Top of EXTRACTED INFORMATION
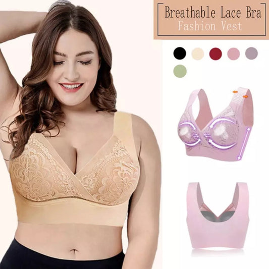 CurvaLuxe™ – Plus Size Kanten Bh Zonder Beugel met Comfortabele Drukverlagende Bandjes
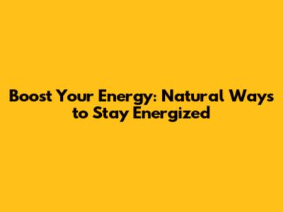 Boost Your Energy: Natural Ways To Stay Energized
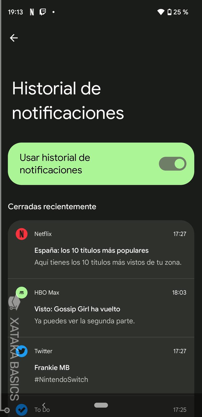 El historial de notificaciones es otro servicio que se puede activar en el sistema operativo Android 12, el cual sirve para consultar qué avisos hubo durante la jornada, para que el cliente no se pierda algo importante.
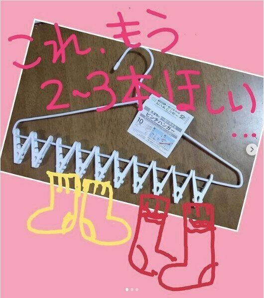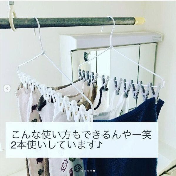 中には2本使いしてタオルを干しちゃう強者も!おうちに2〜3個常備しておくと、アイデア次第で様々なものを干せちゃいますね。
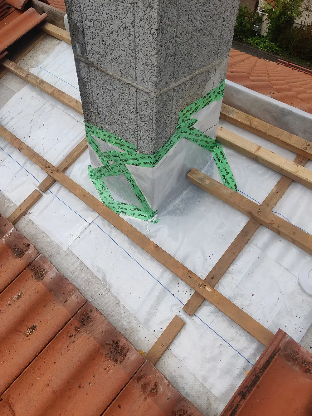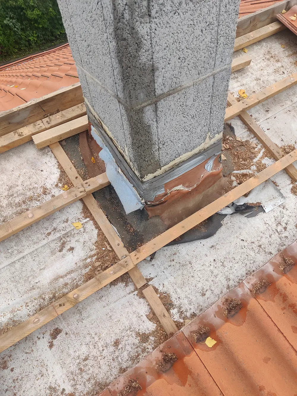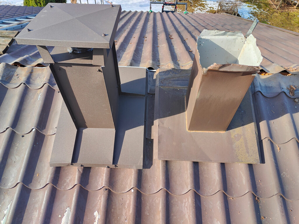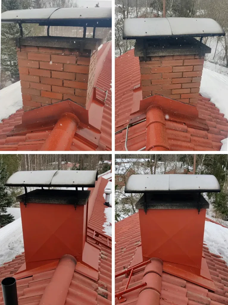 Piipun läpiviennin korjaus ennen ja jälkeen
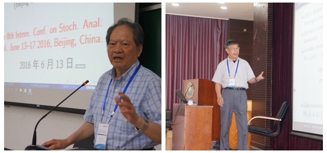 6月14日, 山东大学的彭实戈院士做了题为“Rough paths for nonlinear G-Brownian motion”的四十分钟大会报告。众所周知,彭实戈院士最早引入了G-期望以及条件G-期望的概念,从而建立了动态非线性数学期望理论基础。彭院士的这些研究结果对于概率论、统计学、风险分析、随机分析的发展有非常重要的推动作用。彭院士在本次报告中主要介绍了自己及合作者采用“quasi-surely”分析方法研究关于G-布朗运动的轨道积分和相应的微分方程的最新成果。随后,中国科学院数学与系统科学研究院副院长巩馥州教授,北京师范大学王凤雨教授,武汉大学的张希承教授,日本神户大学Naitaka Kajino教授,韩国国立首尔大学Panki Kim 教授,美国密歇根州立大学肖益民教授(开云kaiyun官网长江学者讲座教授),上海交通大学陈新兴教授和开云kaiyun官网王洁明老师分别报告了各自的最新研究成果。
Bottom of EXTRACTED INFORMATION
TASK ITEM |
Transcribe every entry exactly, leaving out the pictures.

OUTPUT BELOW |
 CurvaLuxe™ – Plus Size Kanten Bh Zonder Beugel met Comfortabele Drukverlagende Bandjes
 Boost Your Energy: Natural Ways To Stay Energized
 El historial de notificaciones es otro servicio que se puede activar en el sistema operativo Android 12, el cual sirve para consultar qué avisos hubo durante la jornada, para que el cliente no se pierda algo importante.
 中には2本使いしてタオルを干しちゃう強者も!おうちに2〜3個常備しておくと、アイデア次第で様々なものを干せちゃいますね。
 Piipun läpiviennin korjaus ennen ja jälkeen
 6月14日, 山东大学的彭实戈院士做了题为“Rough paths for nonlinear G-Brownian motion”的四十分钟大会报告。众所周知,彭实戈院士最早引入了G-期望以及条件G-期望的概念,从而建立了动态非线性数学期望理论基础。彭院士的这些研究结果对于概率论、统计学、风险分析、随机分析的发展有非常重要的推动作用。彭院士在本次报告中主要介绍了自己及合作者采用“quasi-surely”分析方法研究关于G-布朗运动的轨道积分和相应的微分方程的最新成果。随后,中国科学院数学与系统科学研究院副院长巩馥州教授,北京师范大学王凤雨教授,武汉大学的张希承教授,日本神户大学Naitaka Kajino教授,韩国国立首尔大学Panki Kim 教授,美国密歇根州立大学肖益民教授(开云kaiyun官网长江学者讲座教授),上海交通大学陈新兴教授和开云kaiyun官网王洁明老师分别报告了各自的最新研究成果。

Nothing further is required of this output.